=== Exercise aim ===
With the pictures removed, write out the data below exactly.

=== Exercise data ===

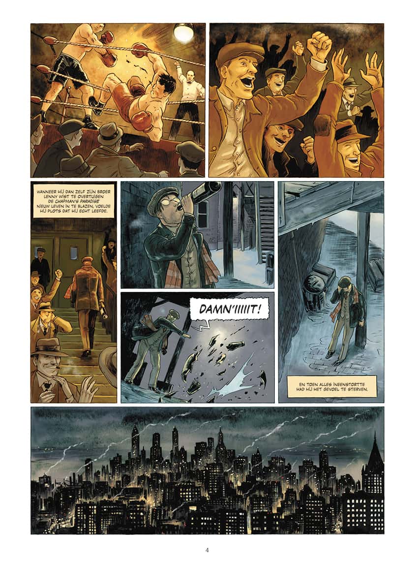 Broadway, de straat die nooit slaapt, levend op het ritme van de Music-Hall en de “speak easies”, gedrenkt in walmen van clandestiene alcohol. De neonlichten trekken nachtvlinders aan van allerlei slag: schrijvers, gangsters, danseressen, beroemdheden en rijkelui… zoek naar najagen.
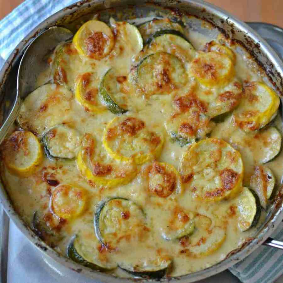 Zucchini Gratin with Yellow Squash is a luscious creamy cheesy medley of zucchini, yellow squash, onions and garlic. It is quick and easy to prepare. It will make a summer squash lover out of you! OK, it’s not quite summer yet but despite the name you may find yellow zucchini in most markets year round. If you cannot find it you can always substitute for winter squash like Butternut or Acorn which is readily available year round. By the way, did you know that zucchini is a summer squash? Yup!
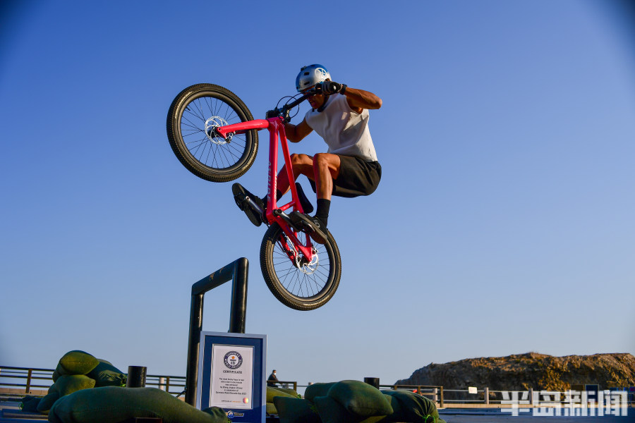 作为2022年吉尼斯世界纪录日的代表人物,11月10日,来自山东青岛的张京坤用自己擅长的自行车街攀技巧成功挑战“1 分钟做最多次后轮定杆海豚跳”,以14次上下跳跃刷新了这项纪录,向全球挑战者们展示了中国街攀自行车的“新高度”。
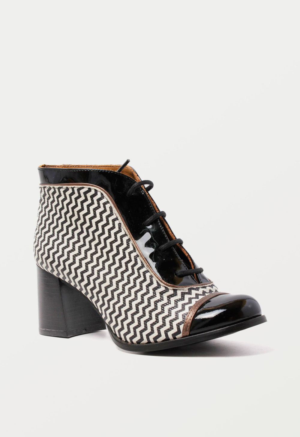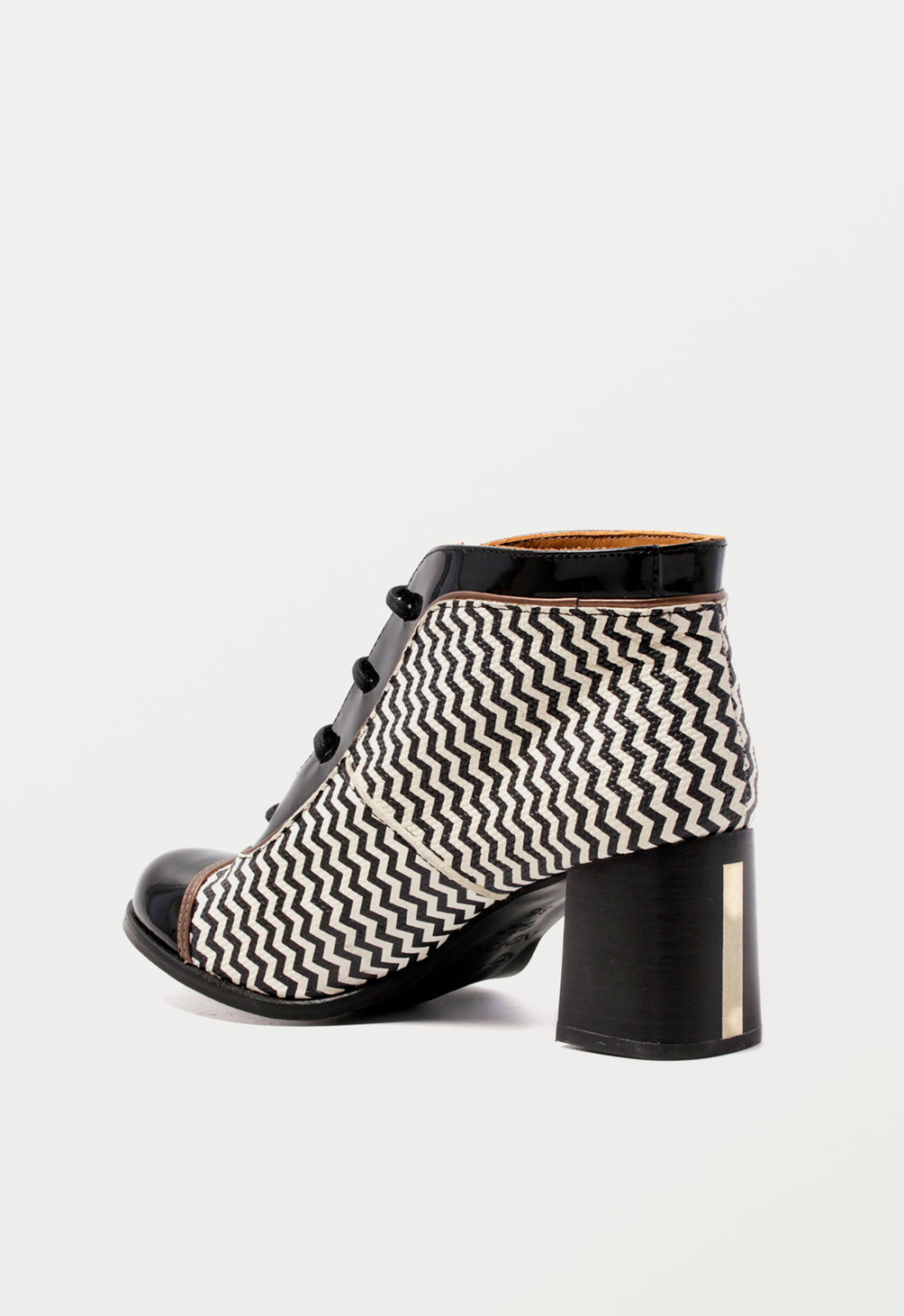 Botín de Mujer en color Negro, fabricado en Piel con Tacón Bajo y una altura de 3 cm.

=== Solution for this problem ===
 Broadway, de straat die nooit slaapt, levend op het ritme van de Music-Hall en de “speak easies”, gedrenkt in walmen van clandestiene alcohol. De neonlichten trekken nachtvlinders aan van allerlei slag: schrijvers, gangsters, danseressen, beroemdheden en rijkelui… zoek naar najagen.
 Zucchini Gratin with Yellow Squash is a luscious creamy cheesy medley of zucchini, yellow squash, onions and garlic. It is quick and easy to prepare. It will make a summer squash lover out of you! OK, it’s not quite summer yet but despite the name you may find yellow zucchini in most markets year round. If you cannot find it you can always substitute for winter squash like Butternut or Acorn which is readily available year round. By the way, did you know that zucchini is a summer squash? Yup!
 作为2022年吉尼斯世界纪录日的代表人物,11月10日,来自山东青岛的张京坤用自己擅长的自行车街攀技巧成功挑战“1 分钟做最多次后轮定杆海豚跳”,以14次上下跳跃刷新了这项纪录,向全球挑战者们展示了中国街攀自行车的“新高度”。
 Botín de Mujer en color Negro, fabricado en Piel con Tacón Bajo y una altura de 3 cm.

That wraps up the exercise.